Она с удовольствием принялась за еду. А Святослав смотрел на полные до краев блюда и думал о старухе, которой мачеха даже хлеба с солью не предложила. И о людях, которым ей того же хлеба жалко. Под кожей медленно закипала ярость.
— Злишься? — взгляд зелёных глаз словно пробрался под кожу, пустил по ней толпы мурашек. Святослав не стал отвечать. Просто смотрел вперёд. Княгиня улыбнулась, принимая вызов. — О чем думаешь?
— О том, что ты права. И надо бы мне завтра же, с утра, отправиться на поиски невесты.
— Вот как, — ее губы дрогнули в азартной улыбке. — И далеко ли ты отправишься?
— Начну близко. А потом, если что, поеду дальше.
Она согласно кивнула и поднялась из-за стола.
— Тогда я должна, как хорошая хозяйка, угостить тебя перед дорогой. Я как раз припасла кое-что особенное.
И, не дожидаясь ответа, она поднялась из-за стола и подошла к полке, стоявшей в углу. Пока она отвернулась, Святослав достал из-за пазухи платок и принялся сметать со стола отрезанный хлеб, сушеное мясо, сыр. Завязал свой нехитрый улов в узел и спрятал пол рубаху как раз вовремя — тут же послышался мелодичный звон. Княгиня вернулась с маленьким кувшинчиком.
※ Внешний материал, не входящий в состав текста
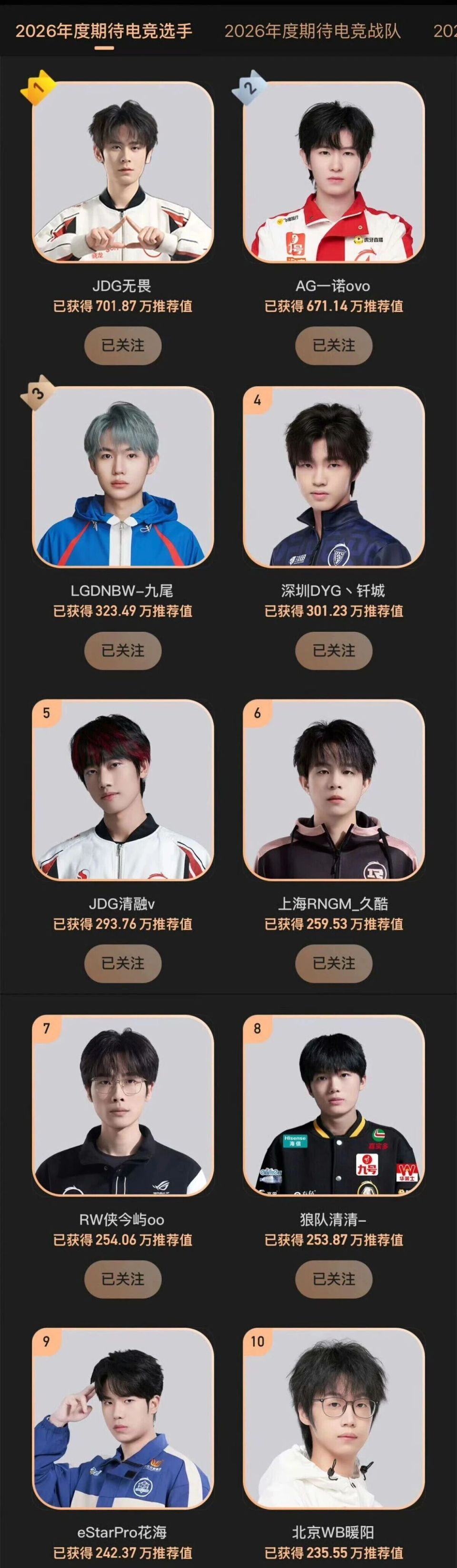 一诺在无畏之下!2026年度期待电竞选手前十:新增今屿久酷,花海还在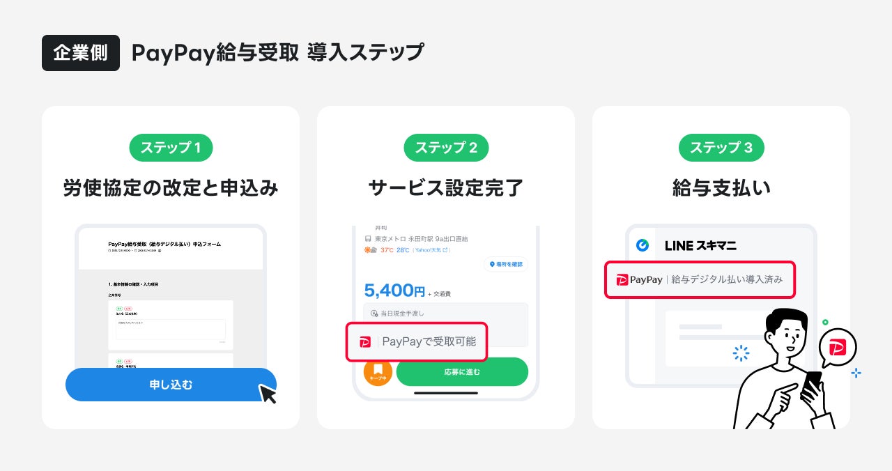 LINEヤフー株式会社(以下、LINEヤフー)とPayPay株式会社(以下、PayPay)は、LINEヤフーが提供する、企業とユーザーの「スキマ時間」をマッチングする単発雇用サービス「LINEスキマニ」において、PayPayが提供する給与デジタル払いサービス「PayPay給与受取」(以下、本機能)への対応を本日より開始します。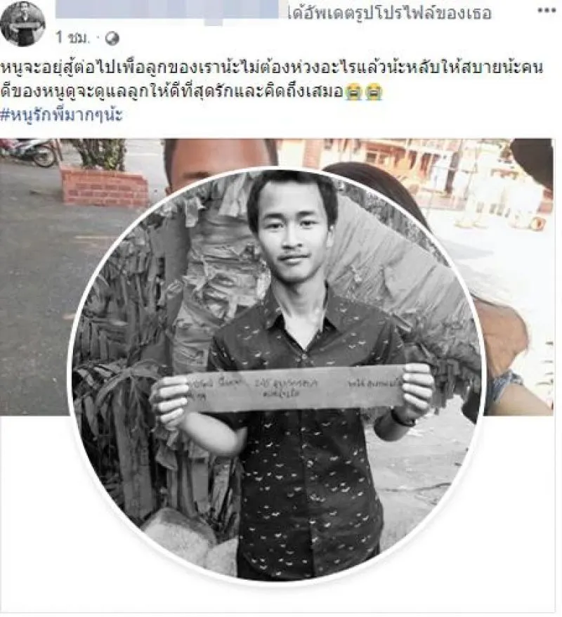 พร้อมระบุว่า “หนูจะอยู่สู้ต่อไปเพื่อลูกของเรานะ ไม่ต้องห่วงอะไรแล้วนะ หลับให้สบายนะคนดีของหนู หนูจะดูแลลูกให้ดีที่สุด รักและคิดถึงเสมอ หนูรักพี่มากๆนะ”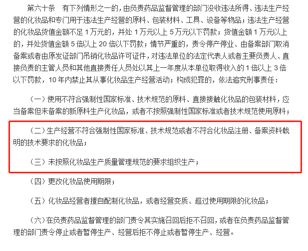 廣州荃智美膚生物科技研究院研發(fā)總監(jiān)張?zhí)姼嬖V青眼,不合規(guī)產(chǎn)品和假貨即屬于《化妝品監(jiān)督管理?xiàng)l例》(下稱新條例)中第六十條中所指出的“生產(chǎn)經(jīng)營(yíng)不符合強(qiáng)制性國(guó)家標(biāo)準(zhǔn)、技術(shù)規(guī)范或者不符合化妝品注冊(cè)、備案資料載明的技術(shù)要求的化妝品”“未按照化妝品生產(chǎn)質(zhì)量管理規(guī)范的要求組織生產(chǎn)”的情形,涉事企業(yè)將會(huì)被處罰。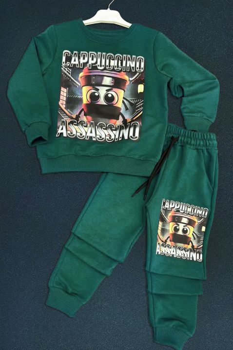 - Kétrészes gyermek szett, amely egyszínű, trendi mintás felsőből és nadrágból áll.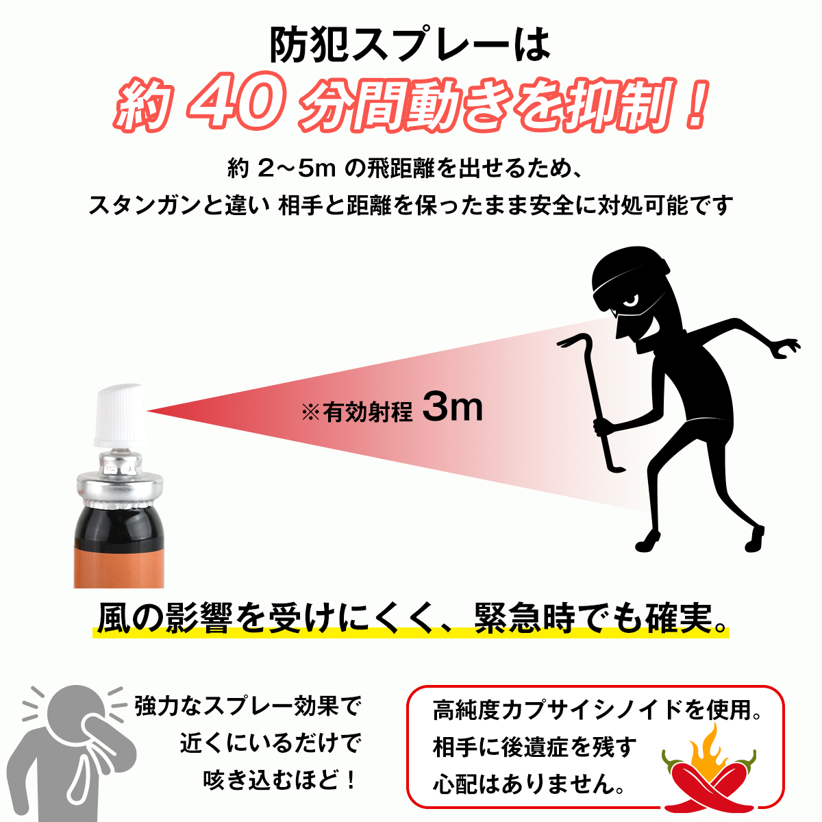 噴射距離:5m(有効射程約3m)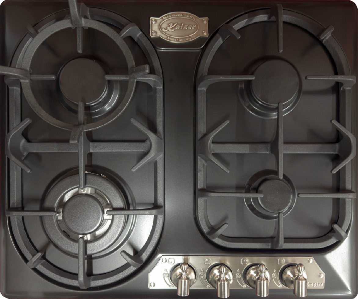 Top-Features | Emaille-Farbe Anthrazit / Dekor – massives Metall Silber Emailliertes Gaskochfeld mit Metallelementen Silber 4 Gasbrenner, davon 1 Turbo – Gasbrenner |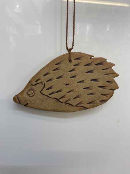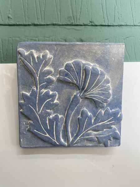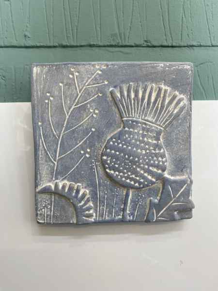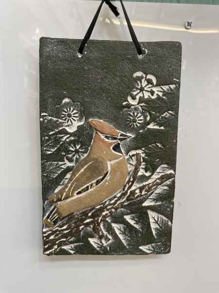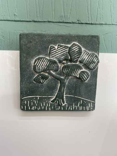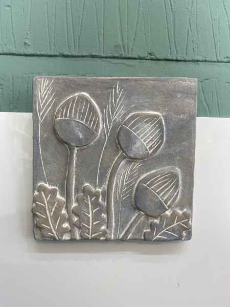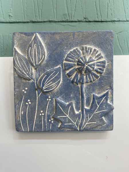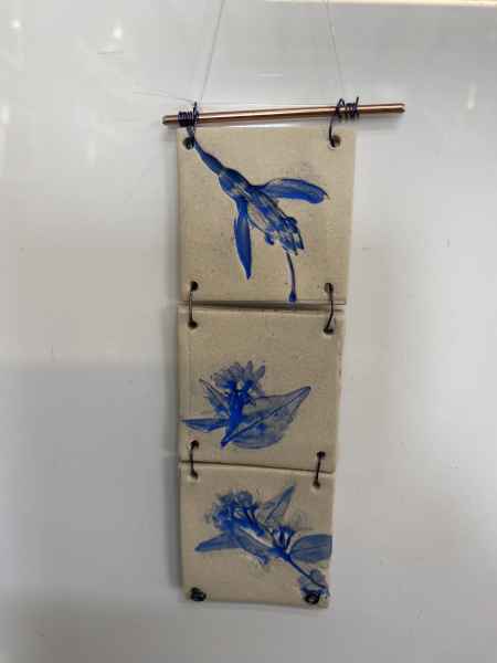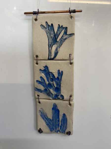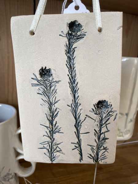 Dawn’s more intricate smaller works are decorated using nature printing (NP) techniques and often stained to enhance the detail. Combined with her love of intricate stitched designs, this led her to create her first NP printed, small, sewn-together clay tiles as part of an embroidery exhibition. These hanging tiles are still one of her most popular creations. Her work with the NP Society in USA has led to her printing on wood and seaweed.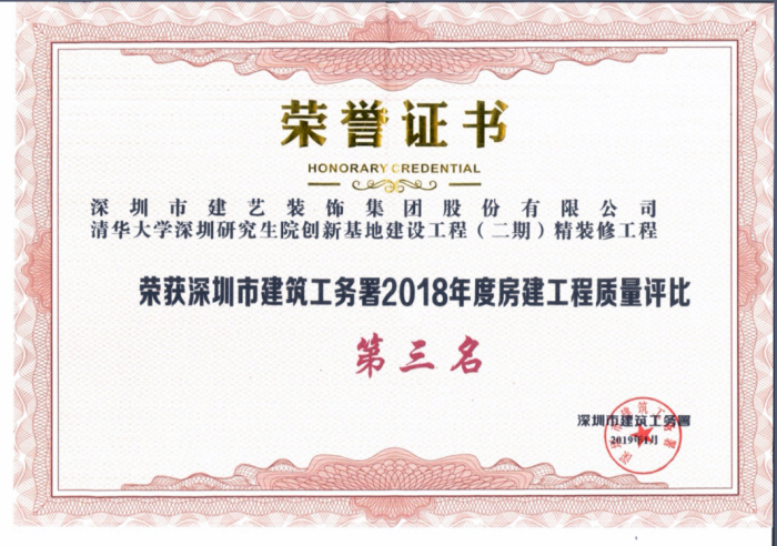 2018年度深圳市建筑工務署工程質量評比第三名(建藝集團)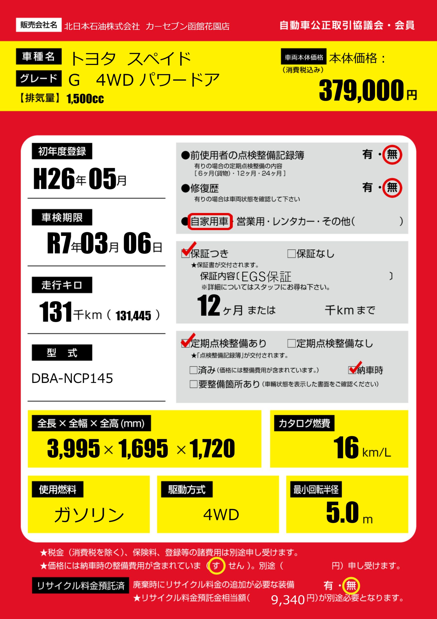 | 車名 | トヨタ スペイド | グレード ミッション 排気量 |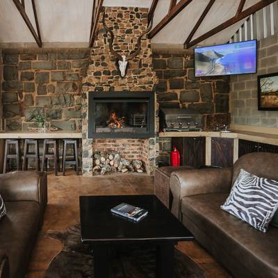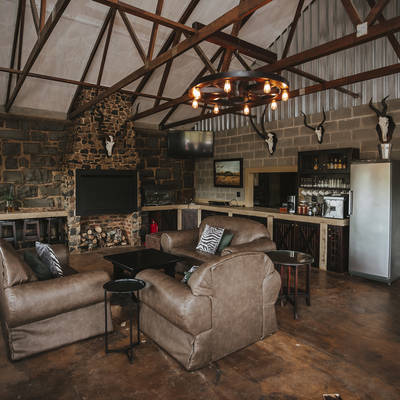 The lodge features a dining, lounge, and entertainment area, complemented by a refreshing pool, a spacious deck, and a fire-heated hot tub—all set against stunning natural vistas. In the evenings, guests can gather at the outdoor boma with its fire pit and comfortable seating, ideal for stargazing under the African sky.
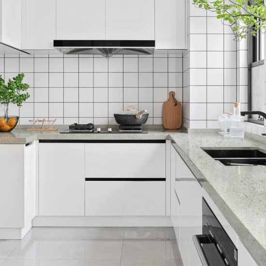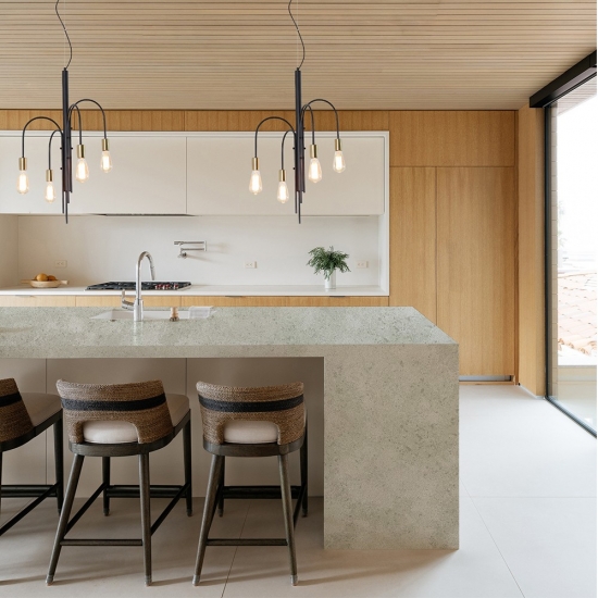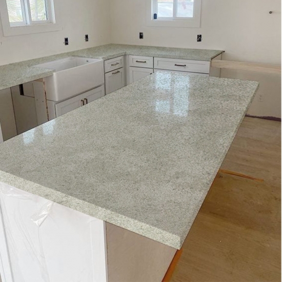 El cuarzo blanco cemento con textura de copo de nieve es una piedra artificial con un tratamiento especial. Similar a un acabado mate, el acabado de hormigón altera ligeramente el color del cuarzo en comparación con el clásico acabado pulido. Este acabado también se conoce como "cepillado" en el caso del granito.
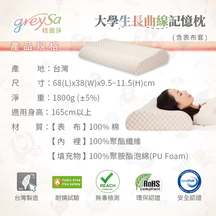 GreySa格蕾莎所使用的泡綿原物料,均通過SGS國家級無毒、耐燃、環保多重檢驗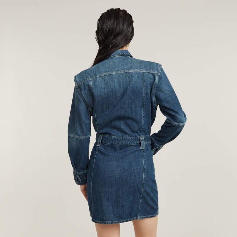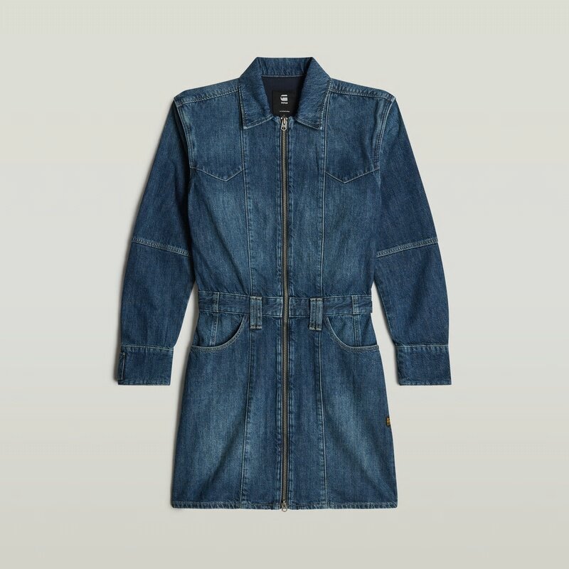 Denim dress Biker offers an upper leg length and is designed as a modular style. Unzip the sleeves to change this long sleeved dress into a sleeveless dress. When preferred a belt can be added to the beltloops applied.
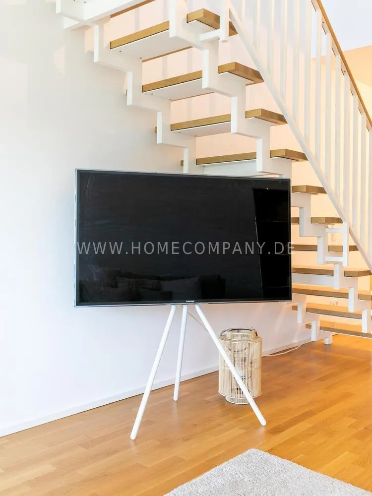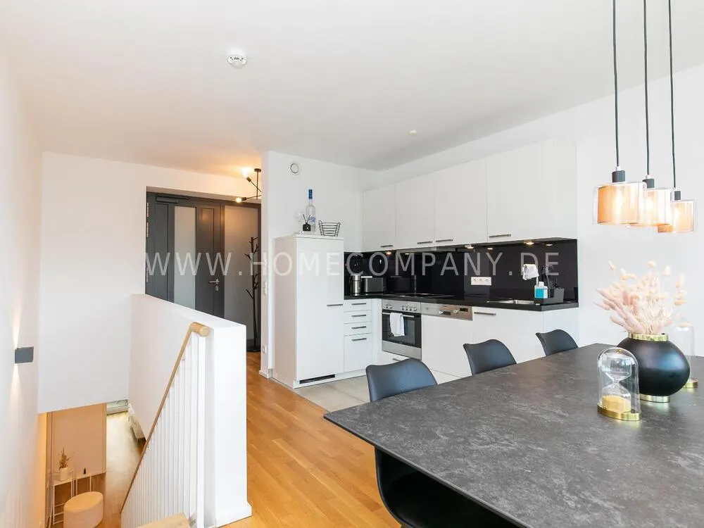 The modern maisonette flat is located in the centrally located Rotherbaum/ Grindel district. On the upper level is the spacious living and dining area with an open kitchen. Large floor-to-ceiling windows ensure plenty of daylight in the apartment and a wide view over Hamburg, in the evening you can see the illuminated television tower. An open staircase leads to the lower level of the flat. The bedroom is furnished with a 1.80 m wide double bed. The furnishings are modern and kept in subtle, harmonious colors. The high-quality furnishing with a few designer pieces conveys an exclusive, homely overall impression.The flat is equipped with underfloor heating. Two balconies offer plenty of space to relax after work and on weekends. The high-quality technical equipment completes the picture. A Bose Bluetoth music box is available. The flat screen TV can be used via Google Chromecast for various services such as Netflix etc. with their own accounts. Some channels can also be received without your own access. The Internet is set up via fiber optics with 1000 MBit. A Miele dryer is available.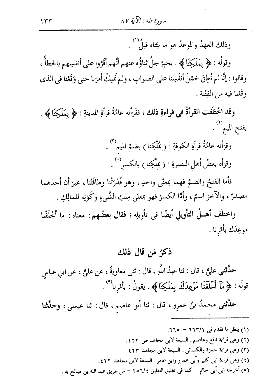 §وَقَوْلُهُ: {بِمَلْكِنَا} [طه: 87] يُخْبِرُ جَلَّ ذِكْرُهُ عَنْهُمْ أَنَّهُمْ أَقَرُّوا عَلَى أَنْفُسِهِمْ بِالْخَطَأِ، وَقَالُوا: إِنَّا لَمْ نَطِقْ حَمْلَ أَنْفُسِنَا عَلَى الصَّوَابِ، وَلَمْ نَمْلِكْ أَمْرَنَا حَتَّى وَقَعْنَا فِي الَّذِي وَقَعْنَا فِيهِ مِنَ الْفِتْنَةِ. وَقَدِ اخْتَلَفَتِ الْقُرَّاءُ فِي قِرَاءَةِ ذَلِكَ، فَقَرَأَتْهُ عَامَّةُ قُرَّاءِ الْمَدِينَةِ: { «بِمَلْكِنَا» } [طه: 87] بِفَتْحِ الْمِيمِ، وَقَرَأَتْهُ عَامَّةُ قُرَّاءِ الْكُوفَةِ: (بِمُلْكِنَا) بِضَمِّ الْمِيمِ، وَقَرَأَهُ بَعْضُ أَهْلِ الْبَصْرَةِ: (بِمِلْكِنَا) بِالْكَسْرِ. فَأَمَّا الْفَتْحُ وَالضَّمُّ فَهُمَا بِمَعْنًى وَاحِدٍ، وَهُمَا بِقُدْرَتِنَا وَطَاقَتِنَا، غَيْرَ أَنَّ أَحَدَهُمَا مَصْدَرٌ، وَالْآخَرُ اسْمٌ، وَأَمَّا الْكَسْرُ فَهُوَ بِمَعْنَى مِلْكِ الشَّيْءِ وَكَوْنِهِ لِلْمَالِكِ. وَاخْتَلَفَ أَيْضًا أَهْلُ التَّأْوِيلِ فِي تَأْوِيلِهِ، فَقَالَ بَعْضُهُمْ: مَعْنَاهُ: مَا أَخْلَفْنَا مَوْعِدَكَ بِأَمْرِنَا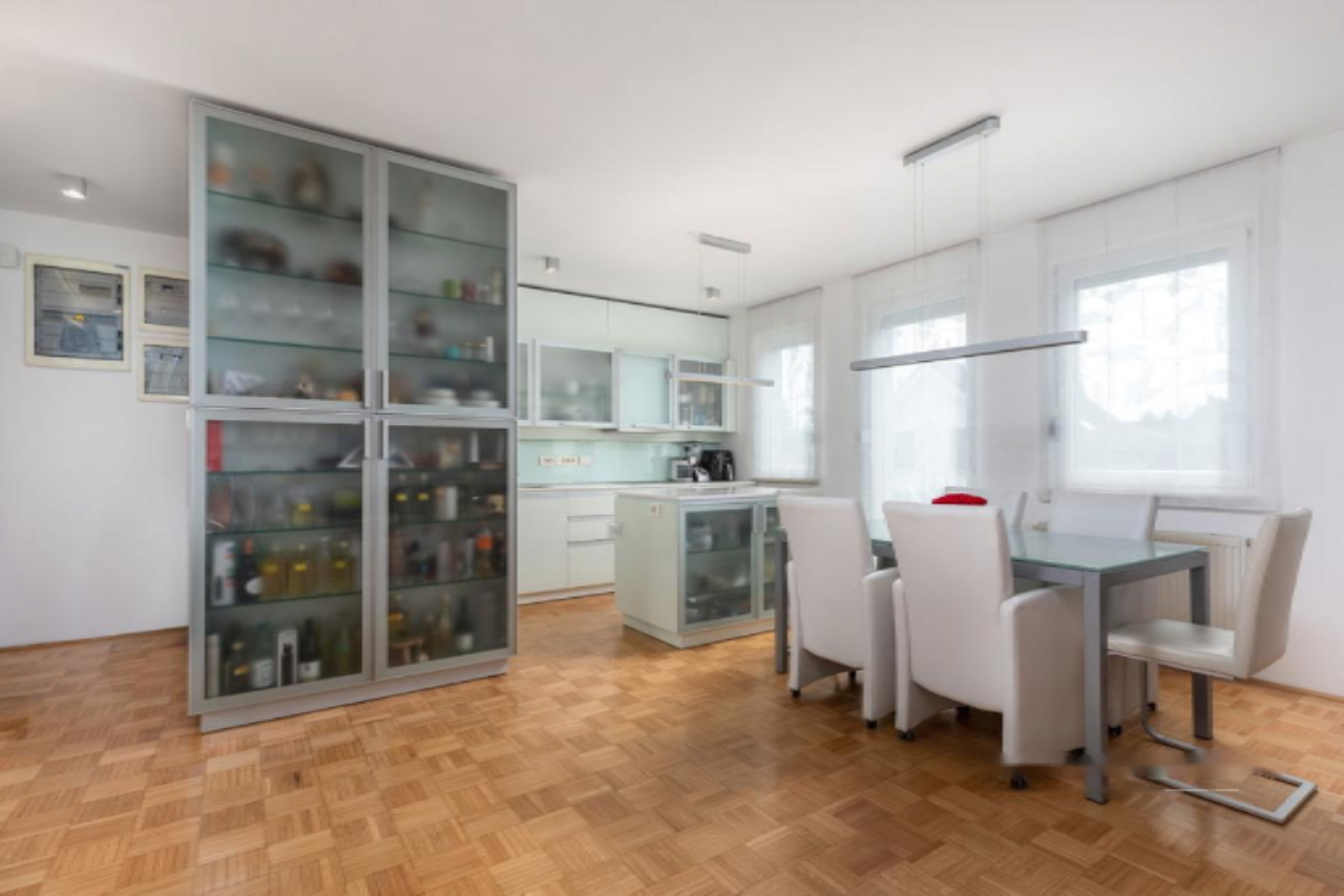 Современная трехкомнатная квартира с гаражом в престижном районе Долги Мост, Любляна. Полностью обновлена в 2015 году и готова к заселению. Общая площадь составляет 86,7 м², включая два просторных балкона с общей площадью 12 м².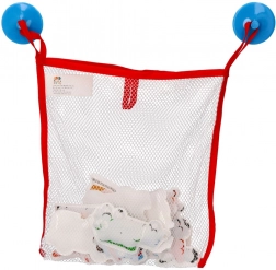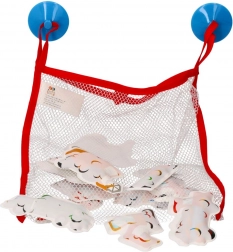 De stickers zijn zacht, liggen prettig in de hand en hechten aan gladde, natte oppervlakken (badje, tegels). Na het bad leg je ze eenvoudig in de ventilerende netzak van 23 × 27 cm, die het afvoeren van water en hygiënisch drogen bevordert.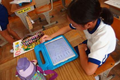 写真は4年生が校外学習の行き先についてタブレットを使って調べているところです。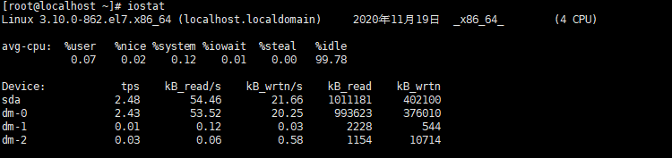Linux 3.10.0-862.el7.x86_64 (localhost.localdomain) 2020年11月19日 _x86_64_ (4 CPU) 从左往右 内核版本 日期 框架 CPU个数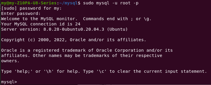 sudo mysql -u root -p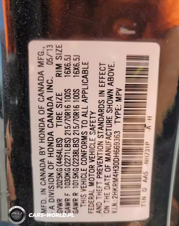 Copart Nr: C-70175775 VIN: 2HKRM4H30DH669363 Port: Houston, TX

— Ты пробовал зелёное вино?
— Ясное дело, — кивнул Святослав. Не сказать, чтобы ему оно нравилось, очень уж хмеленое, а от полыни и душистых трав кружилась голова.
— Такого ты ещё не пробовал, — кивнула княгиня и, перегнувшись через стол, принялась наполнять кружку пасынка.
От запаха трав зашевелились волосы на голове, а кожа покрылась мурашками. Пахло мятой, душицей, полынью и чем-то ещё, незнакомым, но удивительно манким. А цвет зелья — чистый изумруд. В мыслях сразу стало легко, так захотелось распробовать эту изумрудную горечь, он уже мог представить, как она на выдохе сменяется пьянящей сладостью. Он дождался, когда княгиня отклонит кувшин, когда осядет зелёная пенка на поверхности, и взял кружку обеими руками, как держал бы сокровище.